By setting decay_t = 5 and decay_rate = 0.5, we are telling the schedule to reduce the learning rate by decay_rate where new lr lr * decay_rate every 5 epochs, that is halve the learning rate after every 5 epochs.

num_epoch = 50
scheduler = StepLRScheduler(optimizer, decay_t = 5, decay_rate=.5)
lr_per_epoch = get_lr_per_epoch(scheduler, num_epoch)
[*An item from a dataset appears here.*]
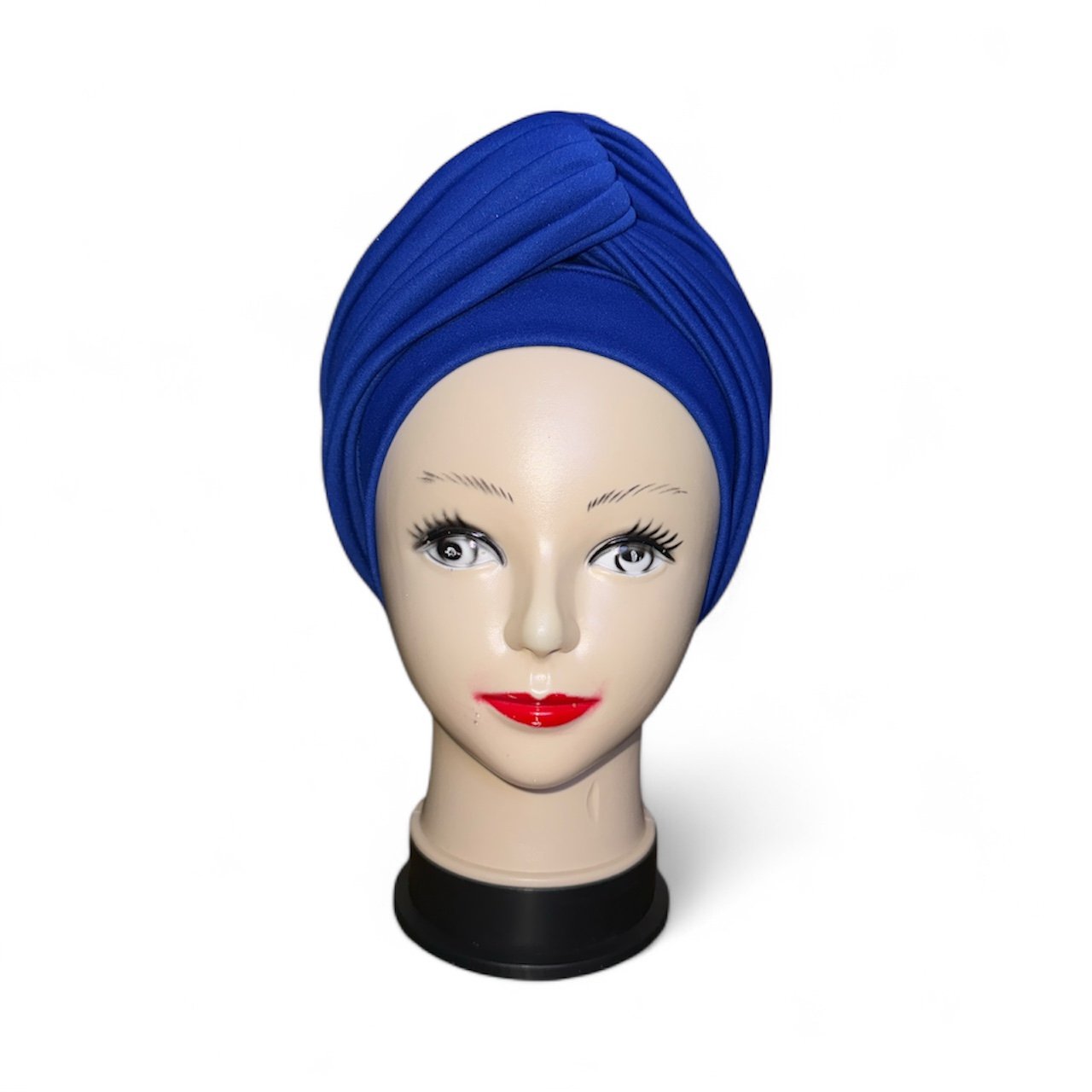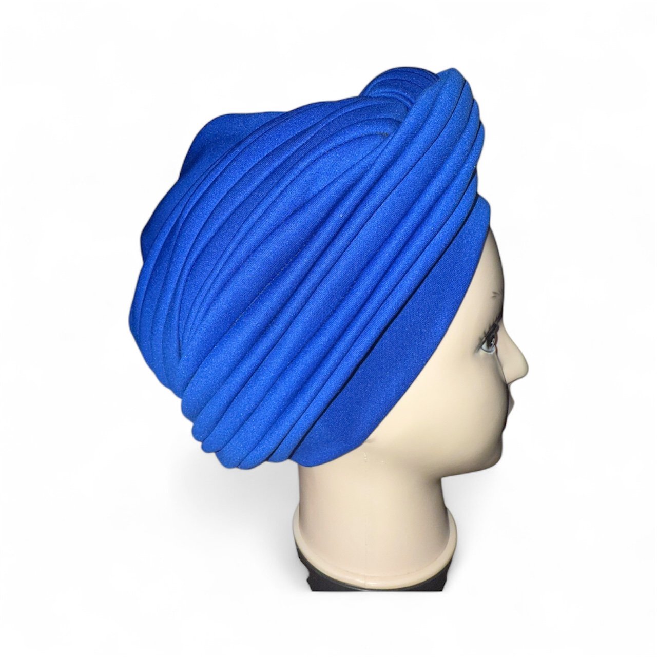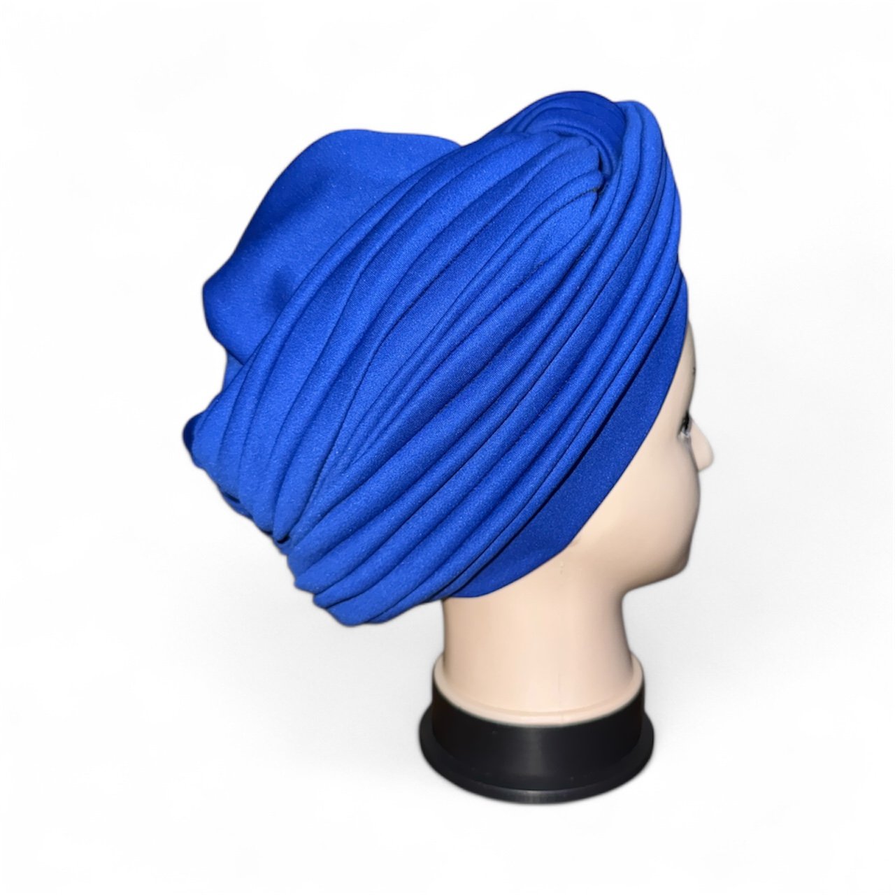 Pleated twist turban: soft, stretchy jersey you just slip on—no pins, no fuss. Full coverage with flattering pleats for instant polish and all-day comfort (one size fits most). Also available in pink and orange.

plt.plot([i for i in range(num_epoch)], lr_per_epoch);

warmup_t

Defines the number of warmup epochs.

warmup_lr_init

The initial learning rate during warmup.

num_epoch = 50
scheduler = StepLRScheduler(optimizer, decay_t=5, warmup_t=2, warmup_lr_init=1e-5, decay_rate=0.8)
lr_per_epoch = get_lr_per_epoch(scheduler, num_epoch)
plt.plot([i for i in range(num_epoch)], lr_per_epoch, label="With warmup");

num_epoch = 50
scheduler = StepLRScheduler(optimizer, decay_t=5, decay_rate=0.8)
lr_per_epoch = get_lr_per_epoch(scheduler, num_epoch)
plt.plot([i for i in range(num_epoch)], lr_per_epoch, label="Without warmup", alpha=0.8);

plt.legend();

As we can see by setting up warmup_t and warmup_lr_init, the cosine scheduler first starts with a value of warmup_lr_init, then gradually progresses up to the initial_lr set in the optimizer which is 1e-4. It takes warmup_t number of epochs to go from warmup_lr_init to initial_lr.

noise_range_t

The upper and lower limit of noise.

noise_pct

Percentage of noise to add.

noise_std

Noise standard deviation.

noise_seed

Seed to use to add random noise.

t_in_epochs

If set to False, the learning rates returned for epoch t are None.

num_epoch = 50
scheduler = StepLRScheduler(optimizer, decay_t=5, t_in_epochs=False)
lr_per_epoch = get_lr_per_epoch(scheduler, num_epoch)

lr_per_epoch[:5]
[None, None, None, None, None]

initialize

If True, then inside each param group of the optimizer a new field is set called initial_{field_name} where field_name refers to the field in param group that we are scheduling. Typically field_name='lr'.